Engine | Custom C++ Engine

Play Time | 15-20 Minutes

Download | 

Team Size | Solo

Platform | PC

Puzzle Paradox is a first-person puzzle platformer game. Plunge into an eerie ancient lava tomb as Solver the Skeleton. To escape, you'll gather magical artifacts, dodge relentless lava rocks, and solve puzzles in an attempt to unlock each tomb’s massive escape door. I took on various roles in this solo project, including but not limited to Systems, Gameplay, and Graphics Programmer. This was also my final capstone project at Full Sail University.

Roles | Systems/Gameplay/Graphics Programmer

Duration | 08/2023 - 11/2023 (4 Months)


Core/sub-systems and the interaction/communication across systems:

  • Designed and implemented lower-level systems (2D and 3D renderer, audio, input, event dispatcher, game and render states, cleanup)

  • Built higher-level gameplay systems using a Fast Lightweight Entity Component System (FLECS)

  • Utilization of several third-party open-source APIs.
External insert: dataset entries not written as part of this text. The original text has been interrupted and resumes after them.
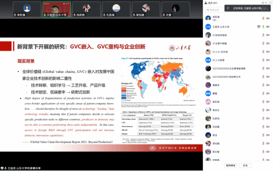 讲座从最新研究进展、学术思维锤炼、教研互促相长三个方面展开。首先,王教授分享了他和团队的最新研究。基于当前国际环境面临的新形势和国际国内“双循环”新格局的背景,开展了“技术——市场”双维非对称依赖对逆向创新的影响研究。高水平科技自立自强要求中国企业实现由外源式创新到内源式创新的转变,但生产网络与创新网络耦合——脱耦、全球生产网络与国内生产网络嵌入——脱嵌的“双层双重”互动为这一转变提出了挑战。从“双层双重”网络互动视角探讨生产网络构型对企业创新模式的影响以及双重网络嵌入——定位策略带来的创新赋能效应。此外,王教授还就学术思维锤炼、教师教研相长以及开发教学案例方面提出了很多新思路。
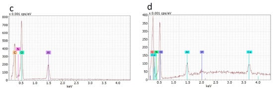 An open interconnected macroporous structure is needed to provide large specific surface for cell attachment and growth, as well as for nutrients, oxygen supply and effective mass and gas exchange [30,31]. The morphology of the dried hydrogel samples was evaluated using SEM (Figure 2a,b). The secondary and partially undeveloped pores within the primary wall structure can be seen. This was caused by an additional freeze-dry cycle after the complexation with chitosan. The hydroxyapatite nanoparticles obviously located within pore walls could not be clearly seen in the SEM images. Nevertheless, the Ca and P atoms related to hydroxyapatite were revealed by energy-dispersive X-ray spectroscopy (EDX) of a wall spot in the Hyal/Ch/nHAp-10 sample in contrast to the Hyal/Ch sample (Figure 2c,d).
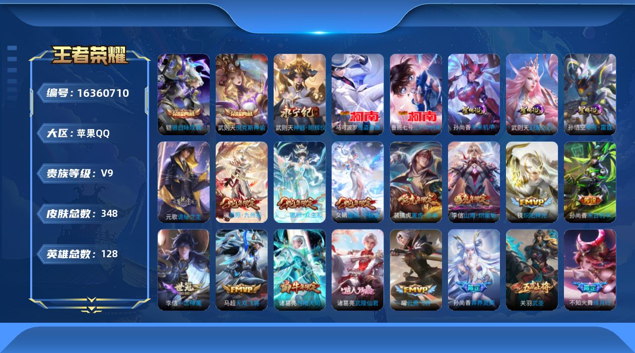 [16360710]【特价急出/详情看图】苹果Q-V9-最强王者段位-128英雄-348皮肤-2典藏皮肤-1典藏英雄-1无双-2珍品传说-3星元-32传说-96史诗

Heavy documentation research and application

Custom asset pipeline:

  • Exporting custom level data (models, textures, blender custom properties) from Blender with Python scripts to the custom engine

  • File input/output and string/char manipulation for exporting and importing data in an organized data-driven manner, eliminating hard-coded values

Gameplay systems:

  • Implemented ECS and built all game logic systems utilizing entities and systems that run across the entities

  • Custom pipeline phases/order of execution and the coordination/timing of the various gameplay systems

  • Implementation of third-party 2D and 3D positional/rotational audio systems with audio sources and audio listeners

  • Custom physics and collision detection/resolution systems with great use of mass, gravity, velocity, acceleration, etc.

  • Matrix transformations including quaternion rotations and transforming vectors back and fourth through various spaces

  • Custom view-to-world space raycast interaction system, similar to screen-to-world point in Unity

DirectX 11 renderer:

  • Initialization of vertex, index, instance buffers, and many other interfaces - abstracted across several render state wrapper classes for modularity and ease of access with single responsibilities

  • Handling of render state transitions and clean up without memory leaks

  • Custom lighting and material interactions following standard lighting models (Diffuse, Ambient, Specular) and practices/procedures (Lambert's Cosine Law/Schlick Fresnel, Blinn Phong). 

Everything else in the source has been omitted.